The updates in MONAI v1.4 and related NVIDIA products include new foundation models for medical imaging, which can be customized in MONAI and deployed as NVIDIA NIM microservices. The following models are now generally available as NIM microservices:

  • MAISI (Medical AI for Synthetic Imaging) is a latent diffusion generative AI foundation model that can simulate high-resolution, full-format 3D CT images and their anatomic segmentations.
  • VISTA-3D is a foundation model for CT image segmentation that offers accurate out-of-the-box performance covering over 120 major organ classes. It also offers effective adaptation and zero-shot capabilities to learn to segment novel structures.

Alongside MONAI 1.4’s major features, the new MONAI Multi-Modal Model, or M3, is now accessible through MONAI’s VLM GitHub repo. M3 is a framework that extends any multimodal LLM with medical AI experts such as trained AI models from MONAI’s Model Zoo. The power of this new framework is demonstrated by the VILA-M3 foundation model that’s now available on Hugging Face, offering state-of-the-art radiological image copilot performance.

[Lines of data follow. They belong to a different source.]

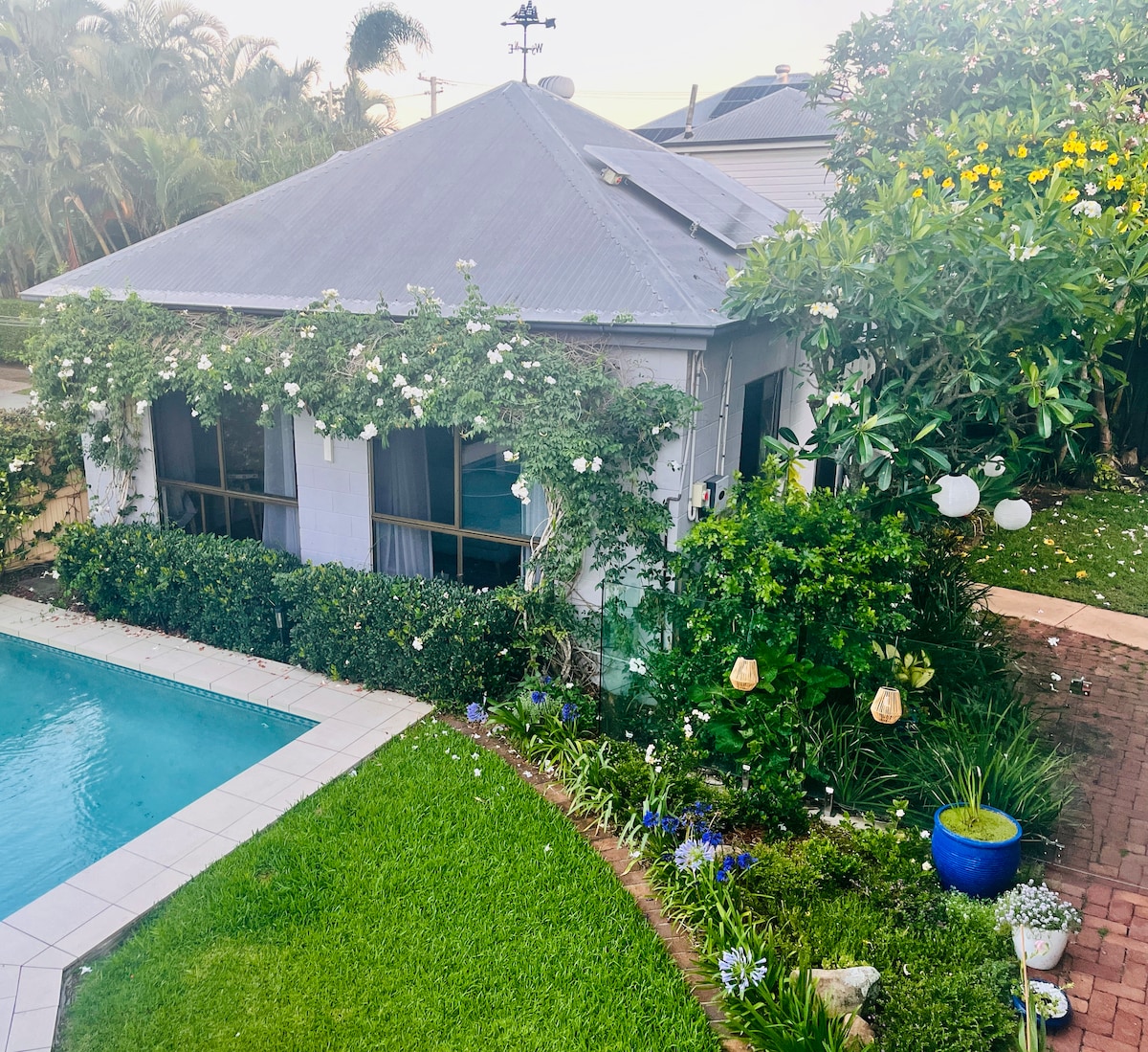 BIG BEAUTIFUL FOR FAMILIES. MANAGED PERSONALLY. VERY WELL EQUIPPED, CLEAN heritage home. FULLY air-conditioned, TWO Bathrooms. COVERED PARKING, BIG COVERED deck overlooking PRIVATE TROPICAL GARDEN, gourmet kitchen, BIG TV Disney/Netflix, 4 spacious Bedrooms (QB, DB, 2 SGL). Walk to Southbank Beach, visit iconic Brisbane attractions. Stay in clean space, near CBD, Southbank, beach, restaurants, IMAX, museums/galleries, theatres, stadiums, hospitals, universities, markets, mall, nightclubs.
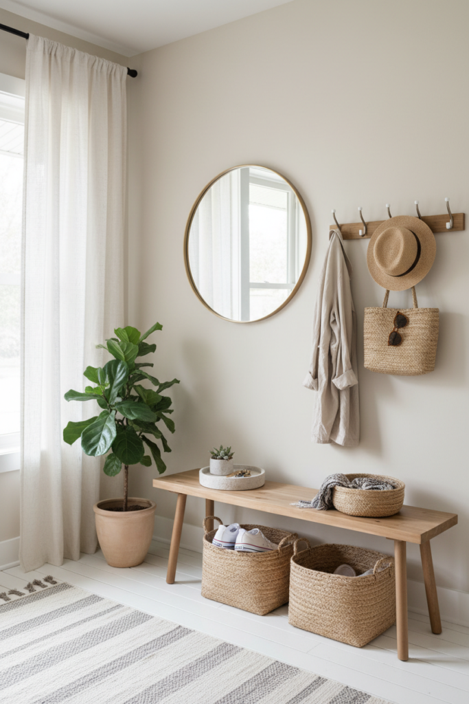 Next, focus on creating a functional drop zone. Hooks, baskets, or small trays can help contain everyday essentials like keys, sunglasses, wallets, and mail. The goal is to give each item a designated place so nothing ends up scattered.
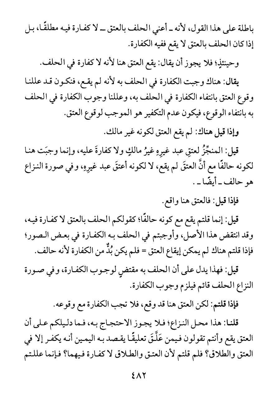 قلنا: هذا محل النزاع؛ فلا يجوز الاحتجاج به، فما دليلكم على أن العتق يقع وأنتم تقولون فيمن عَلَّقَ تعليقًا يقصد به اليمين أنه يكفر إلا في العتق والطلاق؟ فلم قلتم لأن العتق والطلاق لا كفارة فيهما؟ فإنما عللتم
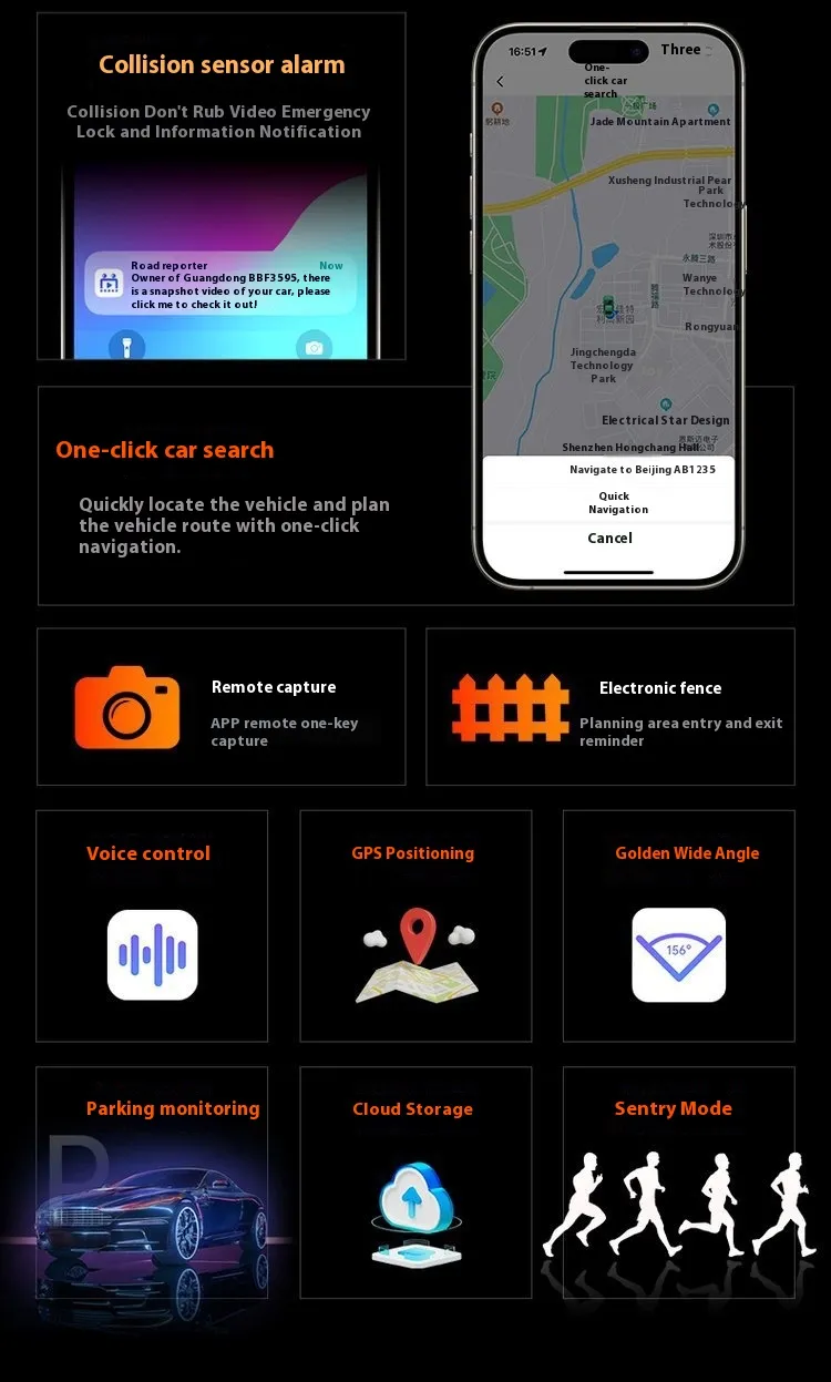 Color classification: remote real-time monitoring GPS positioning anti-glare screen sentry mode], remote real-time monitoring GPS
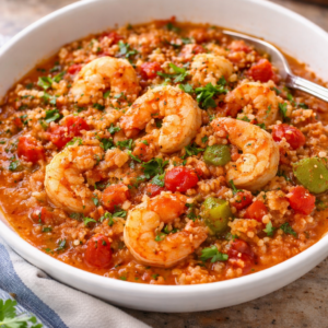 A lighter shrimp jambalaya made without oil, roux, or rice—packed with bold Cajun flavor and ready in 30 minutes.
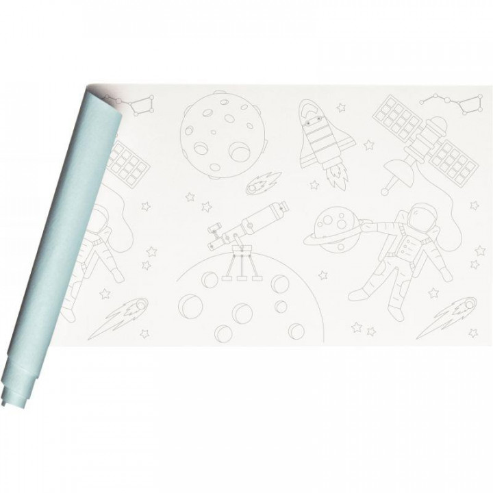 Rouleau fresque à peindre espace. Parfait pour organiser des activités de groupe, entre ami(e)s ou à l'école, et réaliser des fresques géantes à la peinture, aux feutres, aux crayons,... sur un thème précis grâce au motif pré-dessiné répété sur toute la longueur du rouleau. Idéal pour décorer couloirs et salles de classes. 1 face blanche et 1 face bleu. Papier REH (Résistant à l'Etat Humide) Dimensions : 10mx0.5m
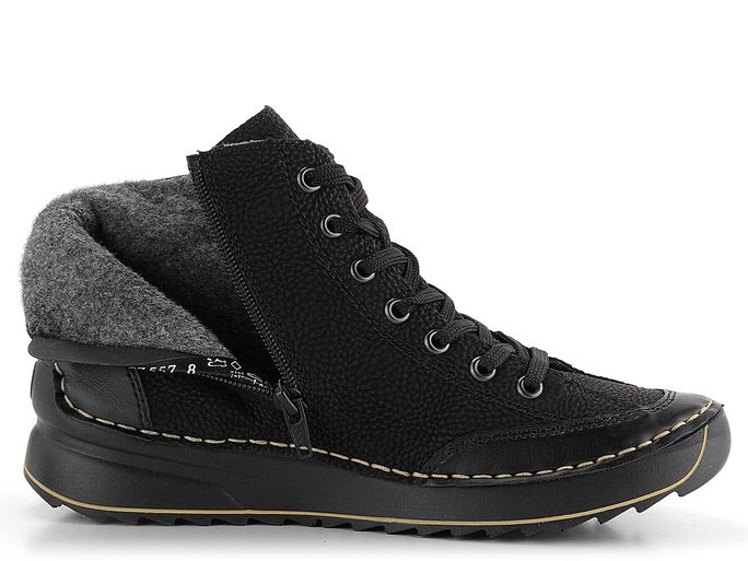 Dámský zimní šněrovací kotník v pohodlném širším provedení s postranním zipem pro snadné obutí.
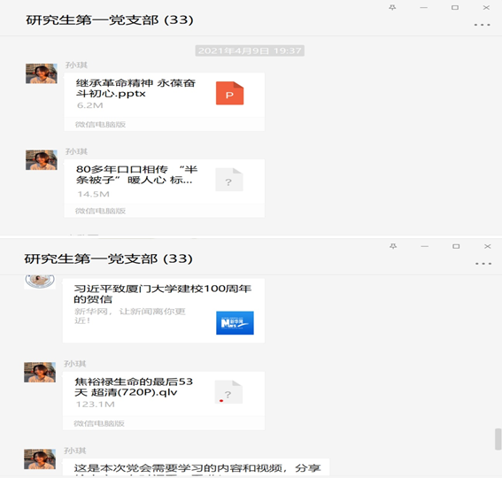 除唐薇老师和丰教授的讲授之外,研究生一支部全体党员采用线上学习的方式,重温了习近平总书记在党史学习教育动员大会的重要讲话精神和《论中国共产党历史》一书中的篇目,同时还着重了解了全国道德模范龚全珍同志和焦裕禄烈士的故事,并要求全体同志观看了“半条棉被”故事的纪录片和《焦裕禄生命的最后53天》。

MONAI Bridges Hospitals, Healthcare Startups and Research Institutions

Leading healthcare institutions, academic medical centers, startups and software providers around the world are adopting and advancing MONAI, including:

  • German Cancer Research Center leads MONAI’s benchmark and metrics working group, which provides metrics for measuring AI performance and guidelines for how and when to use those metrics.
  • Nadeem Lab from Memorial Sloan Kettering Cancer Center (MSK) pioneered the cloud-based deployment of multiple AI-assisted annotation pipelines and inference modules for pathology data using MONAI.
  • University of Colorado School of Medicine faculty developed MONAI-based ophthalmology tools for detecting retinal diseases using a variety of imaging modalities. The university also leads some of the original federated learning developments and clinical demonstrations using MONAI.
  • MathWorks has integrated MONAI Label with its Medical Imaging Toolbox, bringing medical imaging AI and AI-assisted annotation capabilities to thousands of MATLAB users engaged in medical and biomedical applications throughout academia and industry.
  • GSK is exploring MONAI foundation models such as VISTA-3D and VISTA-2D for image segmentation.
  • Flywheel offers a platform, which includes MONAI for streamlining imaging data management, automating research workflows, and enabling AI development and analysis, that scales for the needs of research institutions and life sciences organizations.
  • Alara Imaging published its work on integrating MONAI foundation models such as VISTA-3D with LLMs such as Llama 3 at the 2024 Society for Imaging Informatics in Medicine conference.
  • RadImageNet is exploring the use of MONAI’s M3 framework to develop cutting-edge vision language models that utilize expert image AI models from MONAI to generate high-quality radiological reports.
  • Kitware is providing professional software development services surrounding MONAI, helping integrate MONAI into custom workflows for device manufacturers as well as regulatory-approved products.

Researchers and companies are also using MONAI on cloud service providers to run and deploy scalable AI applications. Cloud platforms providing access to MONAI include AWS HealthImaging, Google Cloud, Precision Imaging Network, part of Microsoft Cloud for Healthcare, and Oracle Cloud Infrastructure.